Instruction for the entries below: return the part that opens with the line containing "ぷっくりメタルドロップがニュ" and closes with the line containing "色相/色调:棕褐色系的色相范围是从红色的红棕到略显黄色的棕色和米色组成。", exactly, and no pictures.

---------- PROVIDED DATA ----------

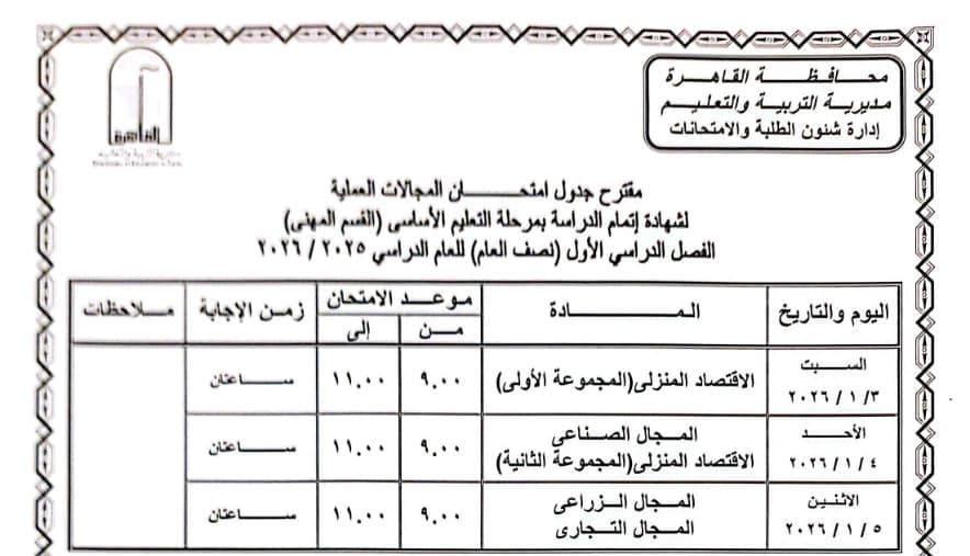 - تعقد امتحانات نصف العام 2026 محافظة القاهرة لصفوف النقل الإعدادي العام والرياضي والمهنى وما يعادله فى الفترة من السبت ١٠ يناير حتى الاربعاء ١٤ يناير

----------
---------- PROVIDED DATA ----------

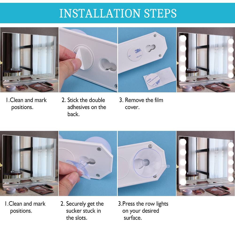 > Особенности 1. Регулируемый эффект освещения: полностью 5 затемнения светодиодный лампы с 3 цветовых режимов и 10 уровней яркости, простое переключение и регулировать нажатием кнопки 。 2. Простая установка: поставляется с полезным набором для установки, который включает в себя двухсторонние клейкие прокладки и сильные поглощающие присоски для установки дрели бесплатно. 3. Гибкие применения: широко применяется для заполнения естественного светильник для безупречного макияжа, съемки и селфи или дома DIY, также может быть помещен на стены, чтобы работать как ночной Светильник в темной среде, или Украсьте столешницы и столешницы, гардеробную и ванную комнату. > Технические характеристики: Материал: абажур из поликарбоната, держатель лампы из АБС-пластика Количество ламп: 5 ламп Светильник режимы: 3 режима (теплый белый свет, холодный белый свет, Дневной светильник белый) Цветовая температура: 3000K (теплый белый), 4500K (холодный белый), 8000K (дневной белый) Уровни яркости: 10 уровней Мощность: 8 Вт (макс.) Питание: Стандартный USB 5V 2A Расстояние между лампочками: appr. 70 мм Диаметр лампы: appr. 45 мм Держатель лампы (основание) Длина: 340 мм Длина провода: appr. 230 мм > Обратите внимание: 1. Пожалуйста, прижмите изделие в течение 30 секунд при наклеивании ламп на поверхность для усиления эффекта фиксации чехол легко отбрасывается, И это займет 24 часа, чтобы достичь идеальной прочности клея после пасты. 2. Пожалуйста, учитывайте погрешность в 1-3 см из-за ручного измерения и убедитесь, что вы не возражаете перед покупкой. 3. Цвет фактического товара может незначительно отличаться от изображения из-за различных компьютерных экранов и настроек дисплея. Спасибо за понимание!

----------
---------- PROVIDED DATA ----------

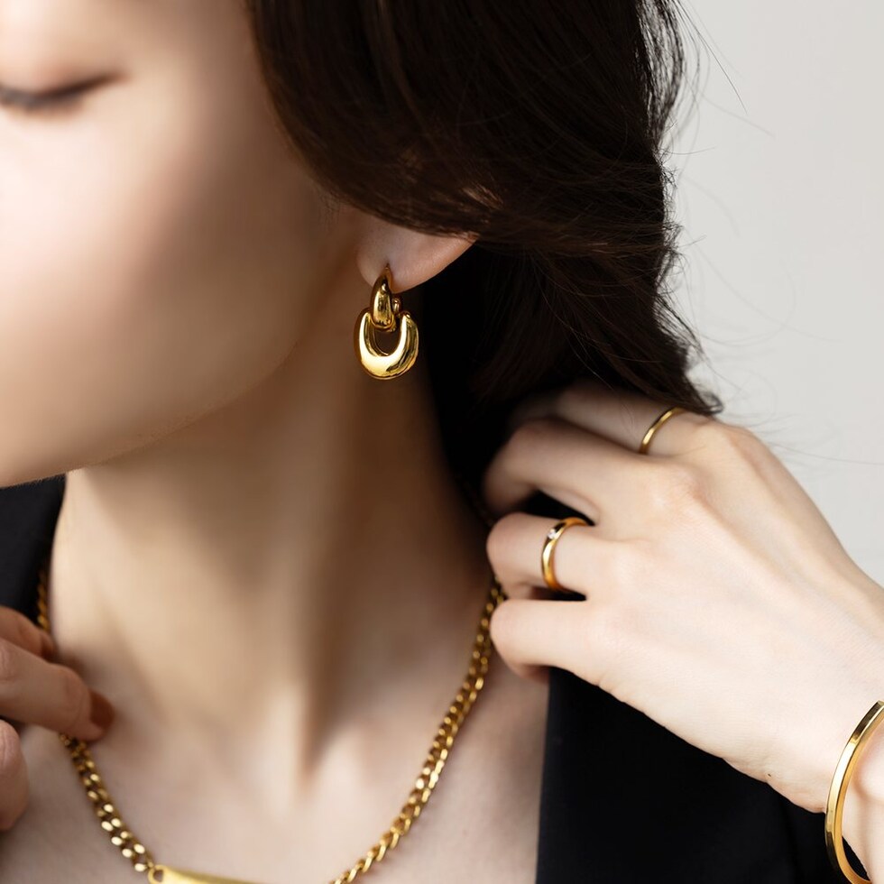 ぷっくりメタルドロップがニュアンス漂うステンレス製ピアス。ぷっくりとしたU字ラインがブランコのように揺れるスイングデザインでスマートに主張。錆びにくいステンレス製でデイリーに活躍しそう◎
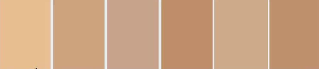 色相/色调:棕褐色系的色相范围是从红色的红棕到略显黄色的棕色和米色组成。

----------

ANSWER SPACE
 ぷっくりメタルドロップがニュアンス漂うステンレス製ピアス。ぷっくりとしたU字ラインがブランコのように揺れるスイングデザインでスマートに主張。錆びにくいステンレス製でデイリーに活躍しそう◎
 色相/色调:棕褐色系的色相范围是从红色的红棕到略显黄色的棕色和米色组成。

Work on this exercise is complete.